-- TASK --
Exact transcription of the data below is required, without the images.

-- INFORMATION SHOWN --
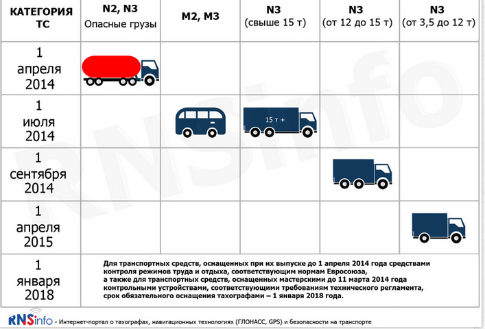 С 1 сентября 2014 года оснащению тахографами подлежат транспортные средства категории N3 (с общей максимальной массой от 12 тонн), используемые для перевозки грузов, не относящихся к опасным (за исключением транспортных средств с полной массой свыше 15 тонн, предназначенных для междугородных перевозок).
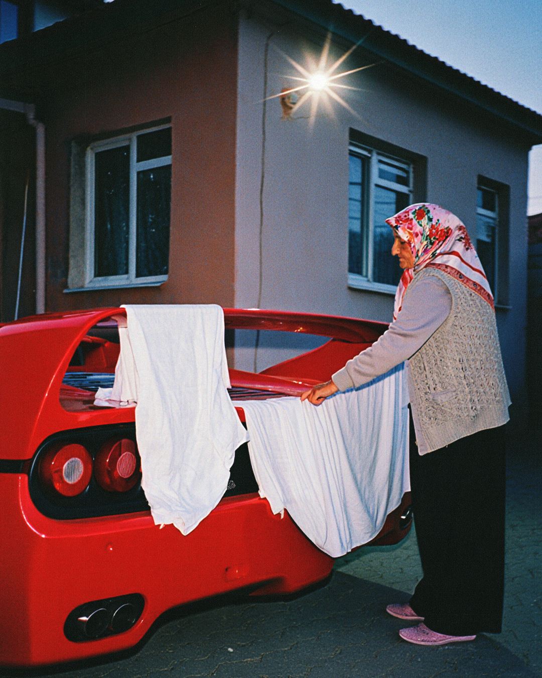 The image that spread was an elderly Turkish woman in a folding chair in front of a pink Subaru Impreza, the bodywork printed with hot-rod flames, the scene lit like a courtyard in Anatolia at three in the afternoon. Her headscarf tied in the old way. The car behind her entirely irrelevant to her state of mind. Within days, it was moving across the world, amplified by Arabic accounts that reach millions, reshared by people who couldn’t fully explain the pull. “If someone gets confused about my work,” CES says, “then I’ve done my job.”
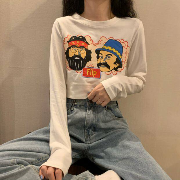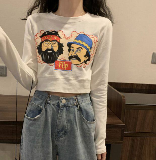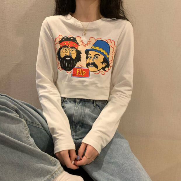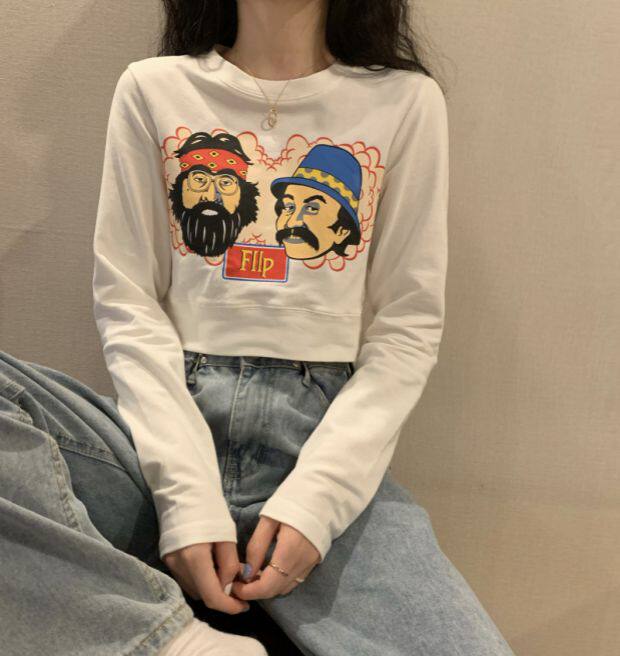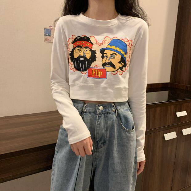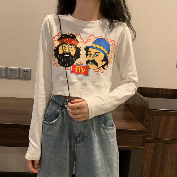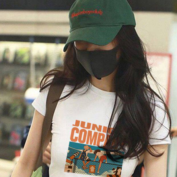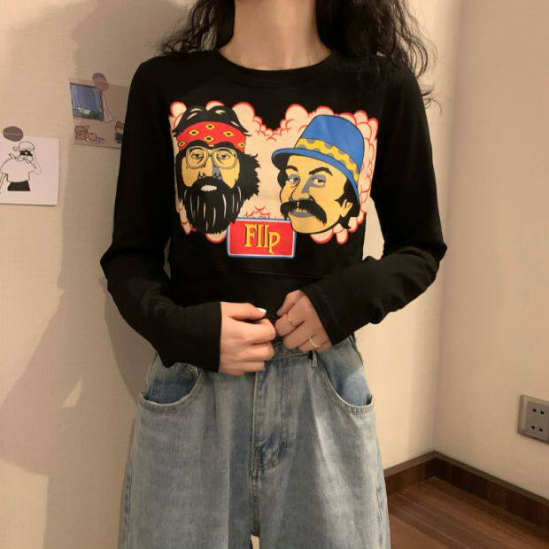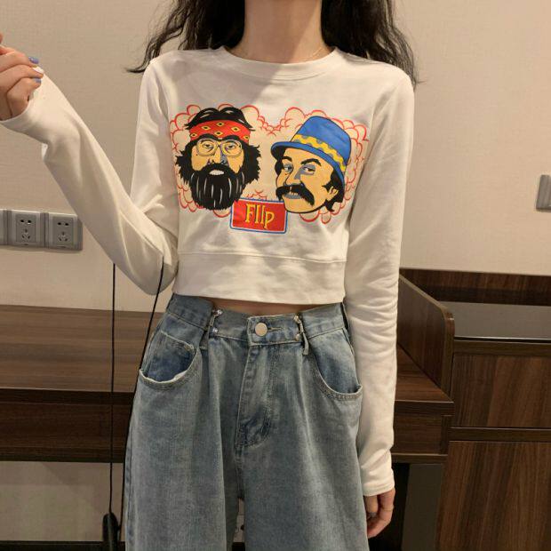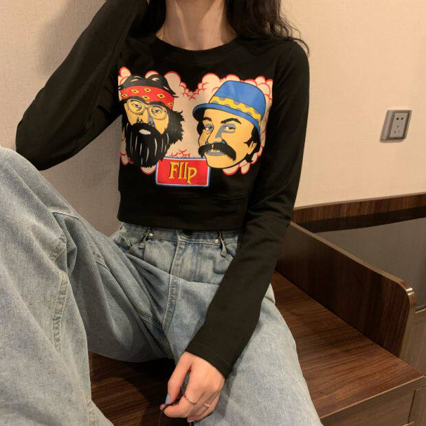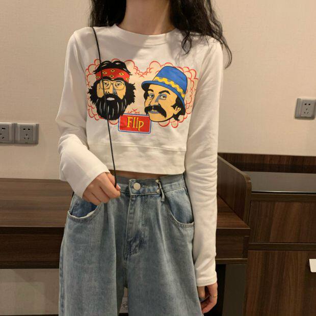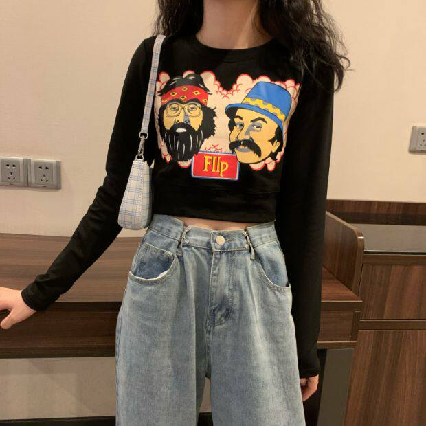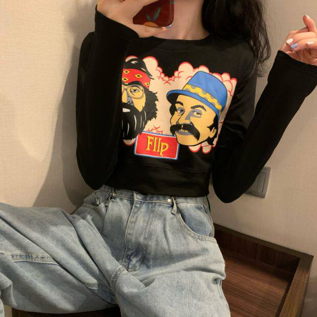 Тонкая короткая приталенная футболка с коротким рукавом, высокая талия

-- REPLY --
 С 1 сентября 2014 года оснащению тахографами подлежат транспортные средства категории N3 (с общей максимальной массой от 12 тонн), используемые для перевозки грузов, не относящихся к опасным (за исключением транспортных средств с полной массой свыше 15 тонн, предназначенных для междугородных перевозок).
 The image that spread was an elderly Turkish woman in a folding chair in front of a pink Subaru Impreza, the bodywork printed with hot-rod flames, the scene lit like a courtyard in Anatolia at three in the afternoon. Her headscarf tied in the old way. The car behind her entirely irrelevant to her state of mind. Within days, it was moving across the world, amplified by Arabic accounts that reach millions, reshared by people who couldn’t fully explain the pull. “If someone gets confused about my work,” CES says, “then I’ve done my job.”
 Тонкая короткая приталенная футболка с коротким рукавом, высокая талия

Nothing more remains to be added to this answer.